Therefore, the streaming processing paradigm's application domains
are relatively narrow. Recently, most applications have adopted the
batch-processing paradigm; even certain real-time processing
applications use the batch-processing paradigm to achieve a faster
response. Moreover, some research effort has been made to integrate
the advantages of these two paradigms.
Big
data platforms can use alternative processing paradigms; however, the
differences in these two paradigms will cause architectural
distinctions in the associated platforms. For example,
batch-processing-based platforms typically encompass complex data
storage and management systems, whereas streaming-processing-based
platforms do not. In practice, we can customize the platform
according to the data characteristics and application requirements.
Because the batch-processing paradigm is widely adopted, we only
consider batch-processing-based big data platforms in this paper.
III.
BIG-DATA SYSTEM ARCHITECTURE
In
this section, we focus on the value chain for big data analytics.
Specifically, we describe a big data value chain that consists of
four stages (generation, acquisition, storage, and processing). Next,
we present a big data technology map that associates the leading
technologies in this domain with specific phases in the big data
value chain and a time stamp.
A.
BIG-DATA SYSTEM: A VALUE-CHAIN VIEW
A
big-data system is complex, providing functions to deal with
different phases in the digital data life cycle, ranging from its
birth to its destruction. At the same time, the system usually
involves multiple distinct phases for different applications. In this
case, we adopt a systems-engineering approach, well accepted in
industry, to decompose a typical big-data system into four
consecutive phases, including data generation, data acquisition, data
storage, and data analytics. Notice that data visualization is an
assistance method for data analysis. In general, one shall visualize
data to find some rough patterns first, and then employ specific data
mining methods. I mention this in data analytics section. The details
for each phase are explained as follows.
Data
generation concerns how data are generated. In this case, the
term “big data” is designed to mean large, diverse, and complex
datasets that are generated from various longitudinal and/or
distributed data sources, including sensors, video, click streams,
and other available digital sources. Normally, these datasets are
associated with different levels of domain-specific values. In this
paper, we focus on datasets from three prominent domains, business,
Internet, and scientific research, for which values are relatively
easy to understand. However, there are overwhelming technical
challenges in collecting, processing, and analyzing these datasets
that demand new solutions to embrace the latest advances in the
information and communications technology (ICT) domain.
Data
acquisition refers to the process of obtaining information and is
subdivided into data collection, data transmission, and data
pre-processing. First, because data may come from a diverse set of
sources, websites that host formatted text, images and/or videos -
data collection refers to dedicated data collection technology that
acquires raw data from a specific data production environment.
Second, after collecting raw data, we need a high-speed transmission
mechanism to transmit the data into the proper storage sustaining
system for various types of analytical applications. Finally,
collected datasets might contain many meaningless data, which
unnecessarily increases the amount of storage space and affects the
consequent data analysis. For instance, redundancy is common in most
datasets collected from sensors deployed to monitor the environment,
and we can use data compression technology to address this issue.

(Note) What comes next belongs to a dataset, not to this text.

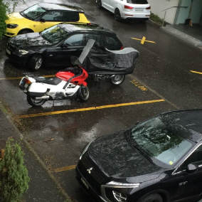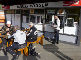 Nach dem Mittagessen war es endlich trocken: So konnten wir noch verschiedene Kurvenübungen machen, die (natürlich) alle schon kannten ... So richtig spannend waren dann die Ausfahrten, das Fahren im Realverkehr, wo wir die Gruppe aufteilten und ich als Co-Instruktor im Einsatz stand. Schliesslich fuhren wir wieder zurück, denn schliesslich lag uns noch eine lange, aber auch spannende Rückfahrt bevor. |

Thus, we must perform data pre-processing operations for efficient
storage and mining.
Data
storage concerns persistently storing and managing large-scale
datasets. A data storage system can be divided into two parts:
hardware infrastructure and data management. Hardware infrastructure
consists of a pool of shared ICT resources organized in an elastic
way for various tasks in response to their instantaneous demand. The
hardware infrastructure should be able to scale up and out and be
able to be dynamically reconfigured to address different types of
application environments. Data management software is deployed on top
of the hardware infrastructure to maintain large-scale datasets.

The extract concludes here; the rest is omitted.